■ YOUR OBJECTIVE ■
What is needed is a word-for-word copy of every record below, minus the pictures.
--------------------
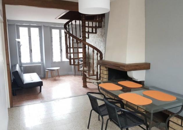 Stationnements et espace vert juste devant, rivière à 50m, locations de VTT, kayak, paddle de l'autre côté de la rive.
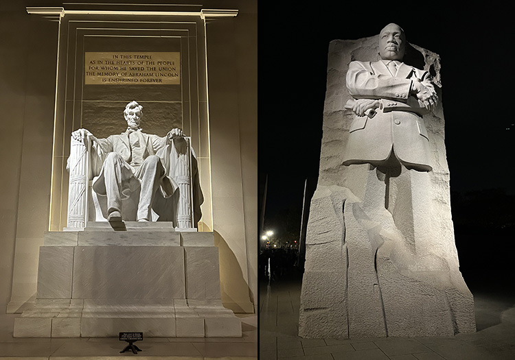 And walk we did, our tireless peregrinations covering the city like the dotted line in a Bil Keane Family Circus cartoon. And it was awesome. After enjoying dinner outdoors Wednesday night in National Landing, we spent Thursday touring the Smithsonian National Museum of Natural History followed by the National Archives, where my long-time friend Jill (who works as Deputy Chief of Staff for an Illinois congressman) introduced us to one of the friendly archivists who generously took the time to share his insights on the Rotunda that houses the Declaration of Independence, the Bill of Rights, and the U.S Constitution. We then strolled to dinner at nearby Oyamel (a local Mexican mainstay from celebrity chef José Andrés) before joining a guided “monuments at night” tour that showcased the city’s iconic monuments, memorials, and landmarks including the Washington Memorial, the Lincoln Memorial, and the White House.
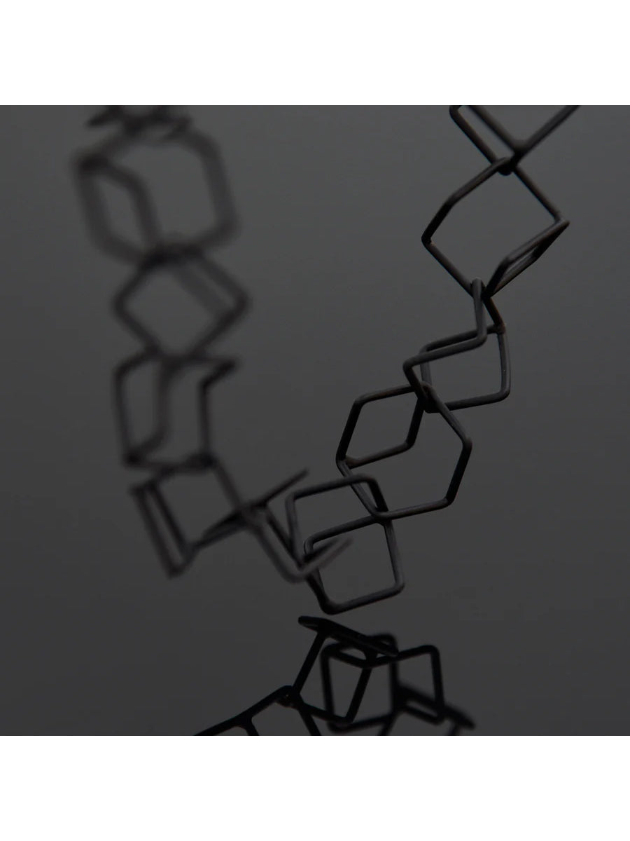 This chunky bracelet is a chain of intricately linked cube-like forms. This statement piece is airy and easy to pair. With its magnetic clasp, this bracelet offers easy customization for a comfortable fit, also the extra clasps provided to ensure it stays securely in place, enhancing the overall ease of wearing.
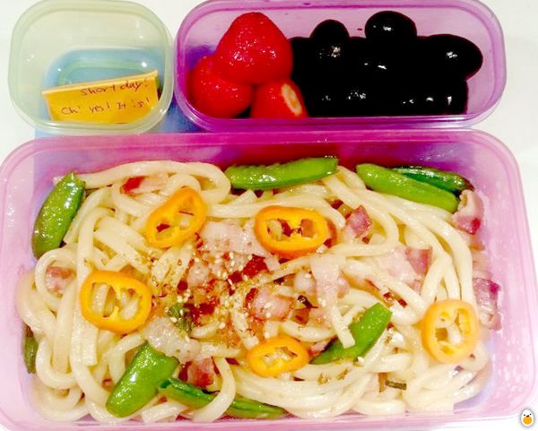 Soy sauce based Yakiudon (Bacon, bell peppers, sugar peas). Strawberries and seedless grapes for dessert.
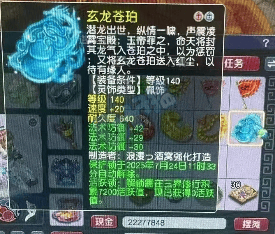 近期,一名少侠在鉴定140级灵饰时人品爆发,斩获“一样加成”成就,这是一枚主属性为国标速度20点,下排法防共101爆了17点的佩饰。在武神坛比赛法谛听横行的版本中,此类高法防灵饰势必会得到诸位服战老板的青睐,预估其价值能够到达六位数。
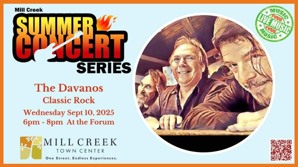 We are excited to return in the summer of 2025 with the “Mill Creek Summer Concert Series”. The concerts will run Wednesday evenings 6-8pm, July 9th through September 24th, at The FORUM in the Mill Creek Town Center.
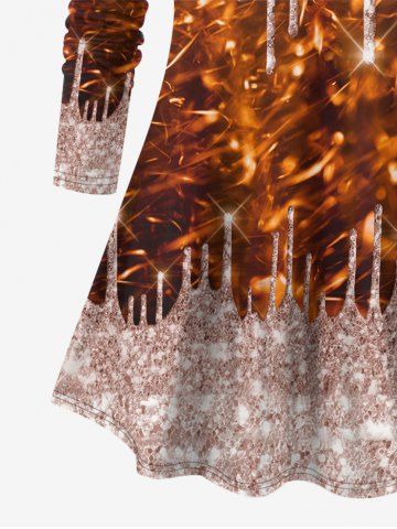 Plus Size Paint Drop Fireworks Glitter Sparkling Sequin 3D Print Long Sleeve T-shirt - Coffee - 3x
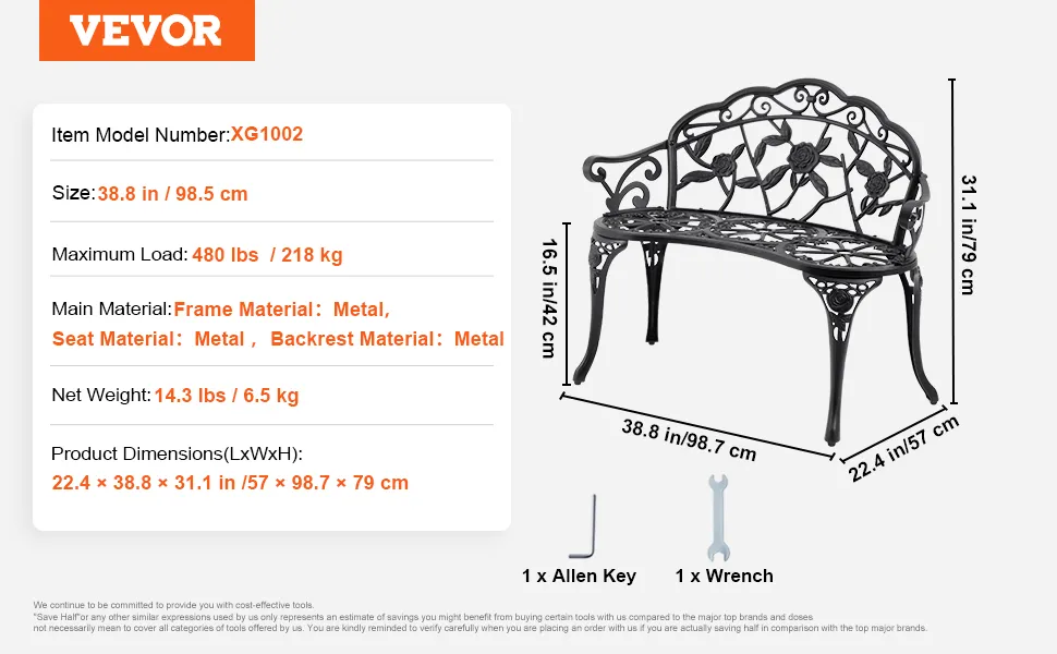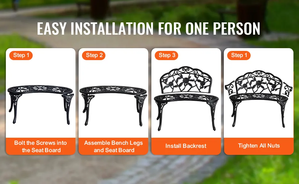 La nostra panchina da giardino VEVOR è semplice da montare. Puoi averla montata e pronta all'uso in soli 15 minuti, così potrai goderti il tuo spazio all'aperto prima possibile. Il semplice processo di montaggio ti assicura di concentrarti su ciò che conta di più: goderti i meravigliosi spazi aperti.
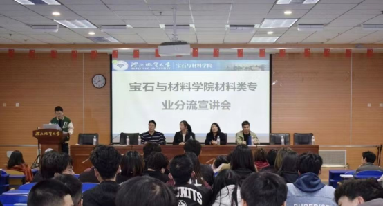 宝石及材料工艺学专业教研室主任陶隆凤介绍了特色专业内容、讲解专业未来趋势、介绍该专业的优秀毕业生。对于爱情,该专业是浪漫方面的专家;对于研究,该专业是更透彻地探究宝石的第一人。该专业的日后潜力十分丰富,是不可磨灭的部分。
--------------------
■ SOLUTION TO THE EXERCISE ■
 Stationnements et espace vert juste devant, rivière à 50m, locations de VTT, kayak, paddle de l'autre côté de la rive.
 And walk we did, our tireless peregrinations covering the city like the dotted line in a Bil Keane Family Circus cartoon. And it was awesome. After enjoying dinner outdoors Wednesday night in National Landing, we spent Thursday touring the Smithsonian National Museum of Natural History followed by the National Archives, where my long-time friend Jill (who works as Deputy Chief of Staff for an Illinois congressman) introduced us to one of the friendly archivists who generously took the time to share his insights on the Rotunda that houses the Declaration of Independence, the Bill of Rights, and the U.S Constitution. We then strolled to dinner at nearby Oyamel (a local Mexican mainstay from celebrity chef José Andrés) before joining a guided “monuments at night” tour that showcased the city’s iconic monuments, memorials, and landmarks including the Washington Memorial, the Lincoln Memorial, and the White House.
 This chunky bracelet is a chain of intricately linked cube-like forms. This statement piece is airy and easy to pair. With its magnetic clasp, this bracelet offers easy customization for a comfortable fit, also the extra clasps provided to ensure it stays securely in place, enhancing the overall ease of wearing.
 Soy sauce based Yakiudon (Bacon, bell peppers, sugar peas). Strawberries and seedless grapes for dessert.
 近期,一名少侠在鉴定140级灵饰时人品爆发,斩获“一样加成”成就,这是一枚主属性为国标速度20点,下排法防共101爆了17点的佩饰。在武神坛比赛法谛听横行的版本中,此类高法防灵饰势必会得到诸位服战老板的青睐,预估其价值能够到达六位数。
 We are excited to return in the summer of 2025 with the “Mill Creek Summer Concert Series”. The concerts will run Wednesday evenings 6-8pm, July 9th through September 24th, at The FORUM in the Mill Creek Town Center.
 Plus Size Paint Drop Fireworks Glitter Sparkling Sequin 3D Print Long Sleeve T-shirt - Coffee - 3x
 La nostra panchina da giardino VEVOR è semplice da montare. Puoi averla montata e pronta all'uso in soli 15 minuti, così potrai goderti il tuo spazio all'aperto prima possibile. Il semplice processo di montaggio ti assicura di concentrarti su ciò che conta di più: goderti i meravigliosi spazi aperti.
 宝石及材料工艺学专业教研室主任陶隆凤介绍了特色专业内容、讲解专业未来趋势、介绍该专业的优秀毕业生。对于爱情,该专业是浪漫方面的专家;对于研究,该专业是更透彻地探究宝石的第一人。该专业的日后潜力十分丰富,是不可磨灭的部分。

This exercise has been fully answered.